Tyrrrz / DiscordChatExporter

Exports Discord chat logs to a file
MIT License
7.78k stars 706 forks source link

Export JSON takes exceptionally long #502

Closed Fyko closed 3 years ago

Fyko commented 3 years ago

Hello! I'm the maintainer of https://github.com/fyko/export-api With the upcoming release of our v2 API, users will be able to export to JSON.

During testing, it took 79 seconds to export 300 messages. The resulting file was about 300kb, but I don't see why it should take this long. I'm not extremely confident in my C# skills, so I couldn't direct exactly where this is coming from.

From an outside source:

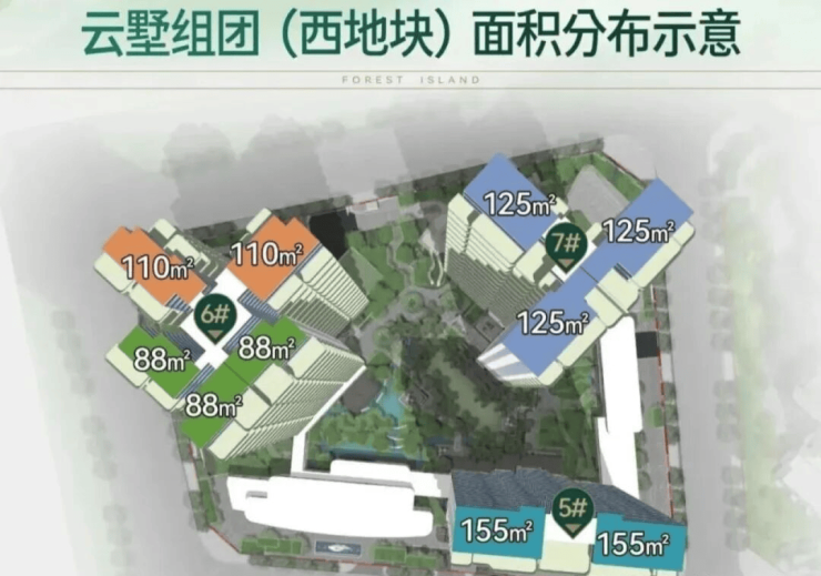 项目分为2个组团共7栋住宅,2个小地块,围合式布局,前排有3栋小高层。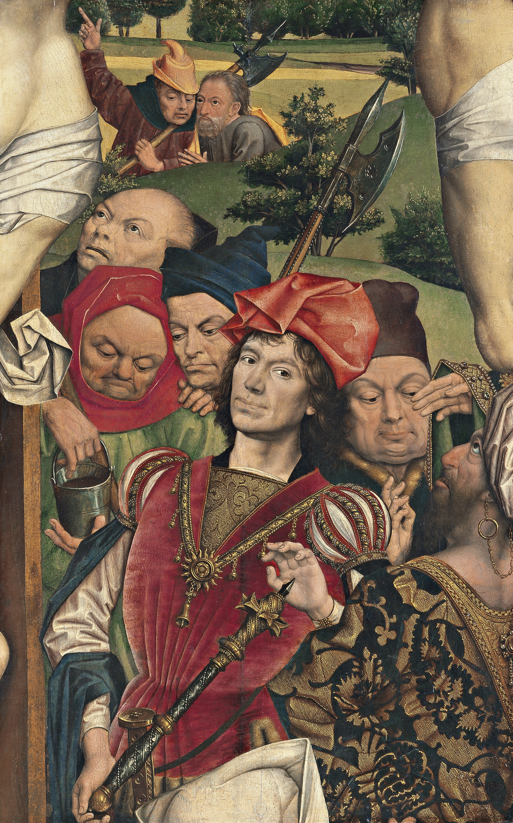 Die Selbstdarstellung des Malers ist weitgehend anerkannt, was wegen der starken physiognomischen Übereinstimmungen des Bildnisses mit dem in der Dortmunder Kreuzigung gerechtfertigt ist. Neben der allgemeinen Erscheinung ist auch die Gestaltung des Porträts als Dreiviertelporträt mit Drehung nach links3 und die Position unter dem Kreuz ähnlich. Gerade letzteres ist jedoch kritisch zu hinterfragen. Einerseits gibt es in Kreuzigungsszenen kaum Porträts, die nicht in mehr oder weniger unmittelbaren Nähe der Kreuze verortet wären, andererseits unterscheiden sich sowohl die Position als auch der Status der Bildnisse erheblich. Während Baegert in Dortmund nämlich unter dem linken Kreuz, innerhalb der Veronikagruppe und ohne Einnahme einer Rolle auftritt, so ist er im Madrider Fragment unter dem zentralen Kreuz und in der ikonografisch belegten Rolle des guten Hauptmanns zu sehen.4 Lediglich Rinke kommt nach einer Analyse von Kleidung und Zepter des Mannes zum Schluss, dass sich Baegert als arroganter Malerfürst, der seinen Stand bewusst überschreitet, inszeniert habe.5

Tyrrrz commented 3 years ago

That sounds abnormal. Writing JSON (or any other format) should not take that long. Are you sure it's not a latency issue? Is it consistent? Are the other formats faster to export?

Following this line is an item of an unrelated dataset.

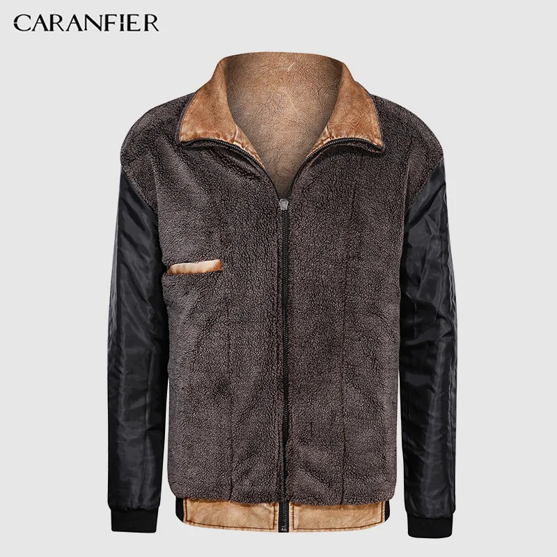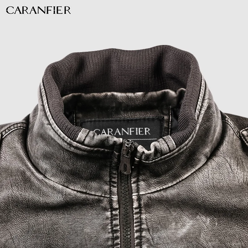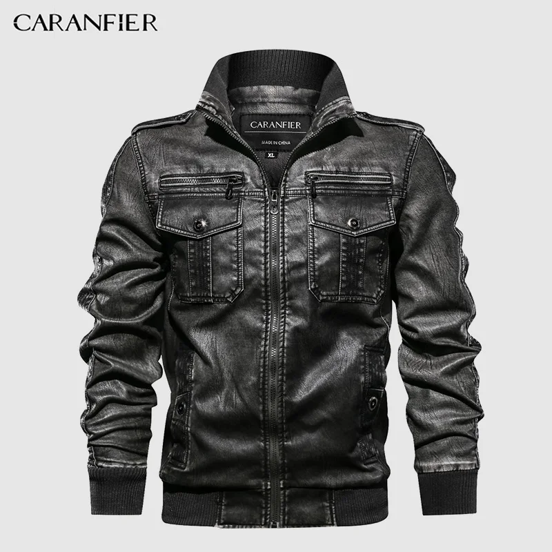 CARANFIER Mens Leather Jackets Motorcycle Stand Collar Zipper Pockets Male US Size PU Coats Biker Faux Leather Fashion Outerwear

Fyko commented 3 years ago

After some benchmars, here are some results I came to:

  1. Plaintext (0) - 1584ms
  2. HTML Dark (1) - 2322ms
  3. HTML Light (2) - 1578ms
  4. CSV (3) - 1482ms
  5. JSON (4) - 73455ms (73.455 seconds)

Edit: after some more handy stopwatch work, the problem looks to be with writing each individual message -- taking anywhere from 80-110ms

Edit 2: I've added a bunch of diag - https://paste.nomsy.net/awusetofaq.cs; example output:

Starting 642601334046064650
Wrote 642601334046064650 meta in 0ms
Wrote 642601334046064650 content in 0ms
Wrote 642601334046064650 author data in 0ms
Wrote 642601334046064650 attachments in 0ms
Wrote 642601334046064650 embeds in 0ms
Wrote 642601334046064650 reactions in 0ms
Wrote 642601334046064650 mentions in 0ms
Flushing 642601334046064650
Flushed in 0ms
Wrote message 642601334046064650 in 91ms
Tyrrrz commented 3 years ago

Hm, so is flush taking up most of that time? Everything is 0ms all the way until the end. No idea what could be causing it.

Fyko commented 3 years ago

I don't think it's flushing because the log says it takes 0ms.

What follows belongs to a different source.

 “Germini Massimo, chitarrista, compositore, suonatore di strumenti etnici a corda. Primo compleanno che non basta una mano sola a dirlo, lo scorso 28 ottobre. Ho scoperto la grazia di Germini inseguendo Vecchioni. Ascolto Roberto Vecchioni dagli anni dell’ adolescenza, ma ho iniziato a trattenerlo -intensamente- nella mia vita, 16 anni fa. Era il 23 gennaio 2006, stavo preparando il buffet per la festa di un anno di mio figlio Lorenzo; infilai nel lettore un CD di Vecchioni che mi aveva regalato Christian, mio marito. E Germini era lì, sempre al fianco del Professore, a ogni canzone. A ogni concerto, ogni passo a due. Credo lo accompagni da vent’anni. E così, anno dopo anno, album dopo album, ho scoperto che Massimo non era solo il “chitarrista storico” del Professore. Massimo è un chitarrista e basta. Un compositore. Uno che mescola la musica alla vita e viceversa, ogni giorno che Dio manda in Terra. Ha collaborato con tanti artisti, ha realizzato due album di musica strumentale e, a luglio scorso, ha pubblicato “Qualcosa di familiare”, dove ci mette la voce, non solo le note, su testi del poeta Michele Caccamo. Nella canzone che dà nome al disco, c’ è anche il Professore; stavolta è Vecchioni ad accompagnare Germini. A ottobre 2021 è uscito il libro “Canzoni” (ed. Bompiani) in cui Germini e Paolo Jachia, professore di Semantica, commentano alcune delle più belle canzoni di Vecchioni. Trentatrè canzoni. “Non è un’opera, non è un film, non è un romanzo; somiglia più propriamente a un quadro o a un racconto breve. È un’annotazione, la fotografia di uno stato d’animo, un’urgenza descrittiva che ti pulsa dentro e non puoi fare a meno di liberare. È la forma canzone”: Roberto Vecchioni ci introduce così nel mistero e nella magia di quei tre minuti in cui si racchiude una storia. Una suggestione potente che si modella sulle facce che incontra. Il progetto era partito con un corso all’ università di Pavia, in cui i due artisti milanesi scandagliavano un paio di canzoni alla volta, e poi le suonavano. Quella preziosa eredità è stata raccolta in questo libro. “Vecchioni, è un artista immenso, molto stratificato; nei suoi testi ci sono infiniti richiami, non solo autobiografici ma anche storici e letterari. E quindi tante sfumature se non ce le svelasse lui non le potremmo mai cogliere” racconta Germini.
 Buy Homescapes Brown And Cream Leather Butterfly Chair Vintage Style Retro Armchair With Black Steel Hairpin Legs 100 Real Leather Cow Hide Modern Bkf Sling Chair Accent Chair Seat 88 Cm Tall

Fyko commented 3 years ago

I stand corrected, after a little rewrite of the diag:

Starting 642601055862915112
Wrote 642601055862915112 meta after 0ms
Wrote 642601055862915112 content after 0ms
Wrote 642601055862915112 author data after 0ms
Wrote 642601055862915112 attachments after 0ms
Wrote 642601055862915112 embeds after 0ms
Wrote 642601055862915112 reactions after 0ms
Wrote 642601055862915112 mentions after 0ms
Flushed after 91ms
Wrote message 642601055862915112 after 91ms
Fyko commented 3 years ago

I'm not sure if anything can be done to fix this

Tyrrrz commented 3 years ago

If the biggest delay comes from flushing, that means it's on the side of System.Text.Json. However, what you're describing is abnormal, but I don't know what could be causing it. Maybe try to export to a file instead and see if it's faster? If it is, then the problem may be with the stream.

Tyrrrz commented 3 years ago

Nevermind, I see you're exporting to a file, thought you were streaming directly. I have no clue then 🤷

r1bnc commented 3 years ago

Is this not fixed yet?

Tyrrrz commented 3 years ago

@r1bnc did you fix it?

r1bnc commented 3 years ago

? i was just asking whether this issue was fixed.

96-LB commented 3 years ago

Has anyone else encountered this? I haven't been able to reproduce it. @Fyko, does this happen on every channel that you export, or just one/a few?